(Stored data entries)

------------------------------------------------------------------------

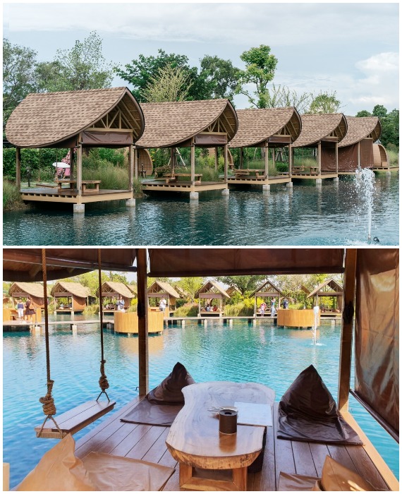 На берегу расположены два ряда бунгало на воде, где гости могут посидеть и расслабиться, насладиться красивыми пейзажами и почти морским бризом (Bubble in the forest Cafe, Тайвань). | Фото: thesmartlocal.co.th.
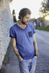 Single Jersey aus Flammgarn und gekämmter | ringgesponnener Bio-Baumwolle | Aufwändige Spray Print Technik V-Ausschnitt | Bündchen mit Elasthan Brusttasche in Kontrast 9 x 10 |5cm
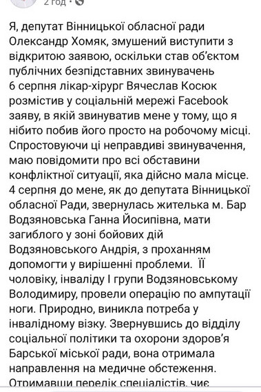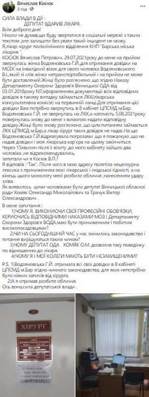 Депутат обласної ради теж написав допис на своїй сторінці в Фейсбук. Він зазначає, що часу на бюрократичне листування не було, тому вирішили з’ясувати обставини справи на місці. Разом з тим він пише, що лікаря не бив.
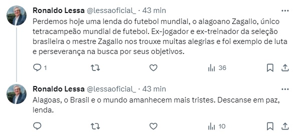 Ronaldo Lessa (PDT), vice-governador de Alagoas, ressaltou as alegrias trazidas por Zagallo e o citou como um "exemplo de luta e perseverança".
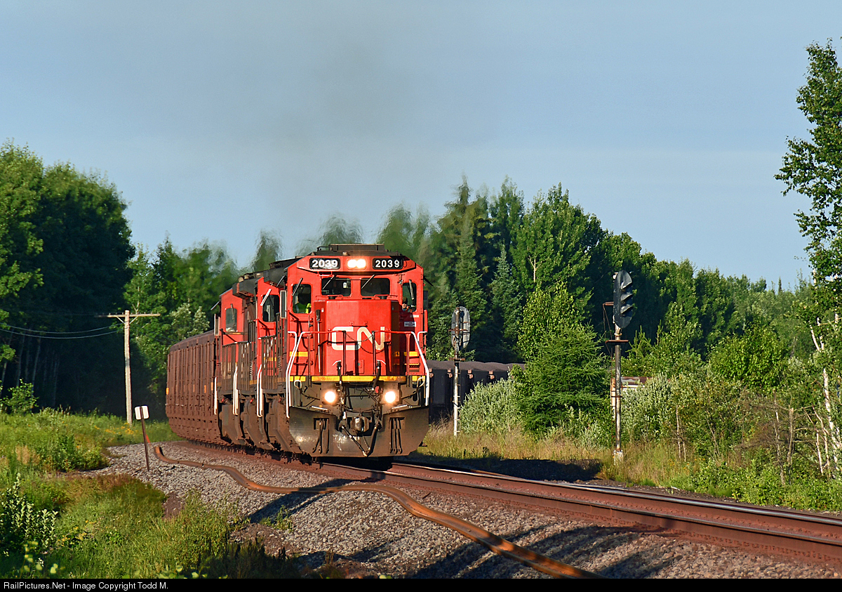 | It's 0630 on a beautiful summer morning as a train from U.S. Steel Minntac rumbles past the long out of service signals at the Thunderbird South mine spur as they continue towards the docks at Two Harbors with 145 cars of taconite pellets. |
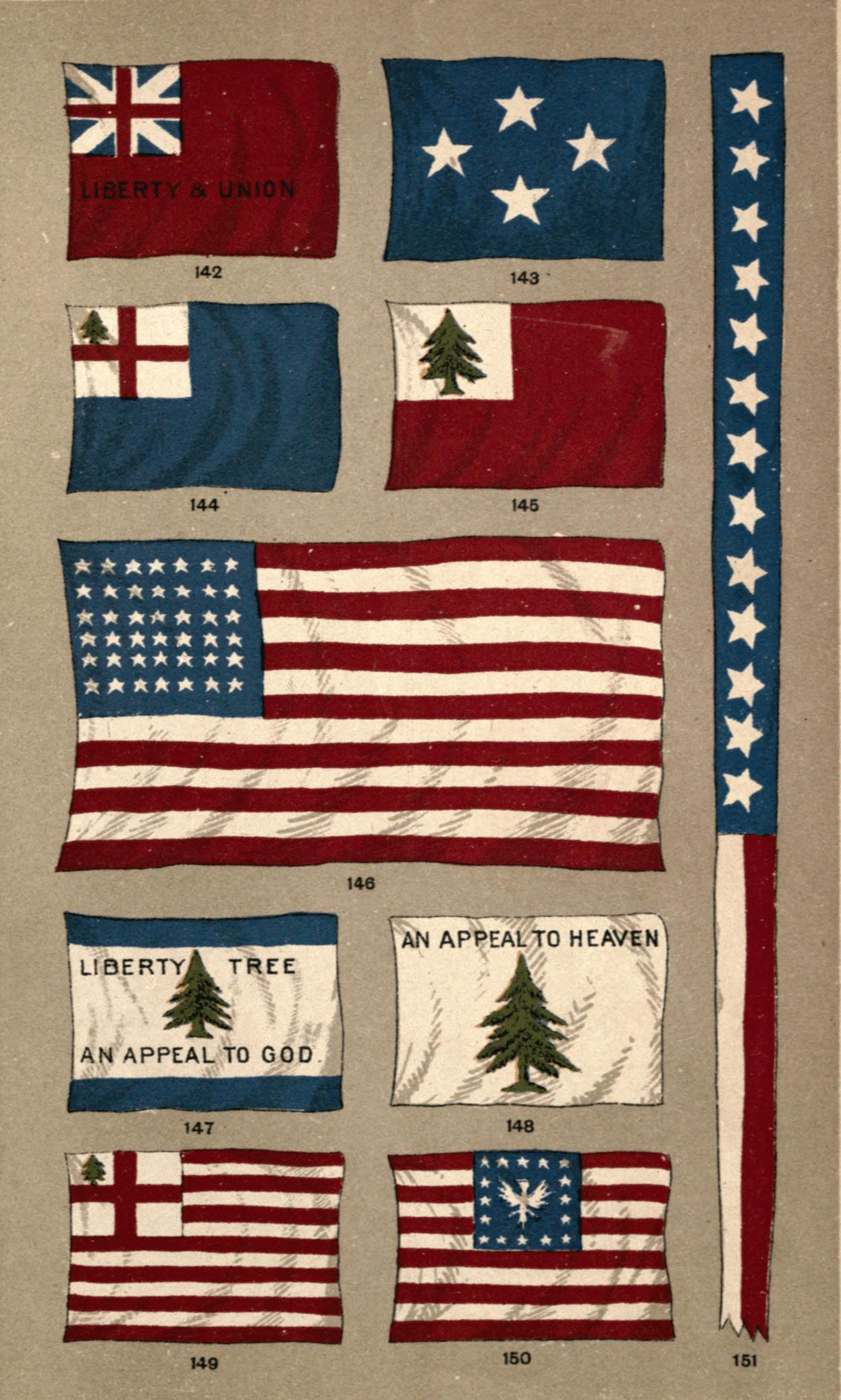 The Israelites carried the sacred standard of the Maccabees, with the initial letters of the Hebrew text, "Who is like unto Thee, O God, amongst the gods?" The Emperor Constantine caused the sacred monogram of Christ to be placed on the Labarum, and when the armies of Christendom went forth to rescue the Holy Land from the infidel they received their cross-embroidered standards from the foot of the altar. Pope Alexander II. sent a consecrated white banner to Duke William previous to his expedition against Harold, and we read in the "Beehive of the Romish Church," published in 1580, how "the Spaniardes christen, conjure, and hallow their Ensignes, naming one Barbara, another Katherine," after the names of saints whose aid they invoked in the stress of battle. We may see this invocation again very well in Figs. 147, 148: flags borne by the colonists of Massachusetts when they arrayed themselves against the mercenaries of King George, and appealed to the God of Battles in behalf of the freedom and justice denied by those who bore rule over them.

------------------------------------------------------------------------

EXERCISE
Every line from the top of the entries through the line that holds "taconite pellets. |" is to be quoted exactly, please, and nothing else; omit the pictures.

SOLVED PROBLEM
 На берегу расположены два ряда бунгало на воде, где гости могут посидеть и расслабиться, насладиться красивыми пейзажами и почти морским бризом (Bubble in the forest Cafe, Тайвань). | Фото: thesmartlocal.co.th.
 Single Jersey aus Flammgarn und gekämmter | ringgesponnener Bio-Baumwolle | Aufwändige Spray Print Technik V-Ausschnitt | Bündchen mit Elasthan Brusttasche in Kontrast 9 x 10 |5cm
 Депутат обласної ради теж написав допис на своїй сторінці в Фейсбук. Він зазначає, що часу на бюрократичне листування не було, тому вирішили з’ясувати обставини справи на місці. Разом з тим він пише, що лікаря не бив.
 Ronaldo Lessa (PDT), vice-governador de Alagoas, ressaltou as alegrias trazidas por Zagallo e o citou como um "exemplo de luta e perseverança".
 | It's 0630 on a beautiful summer morning as a train from U.S. Steel Minntac rumbles past the long out of service signals at the Thunderbird South mine spur as they continue towards the docks at Two Harbors with 145 cars of taconite pellets. |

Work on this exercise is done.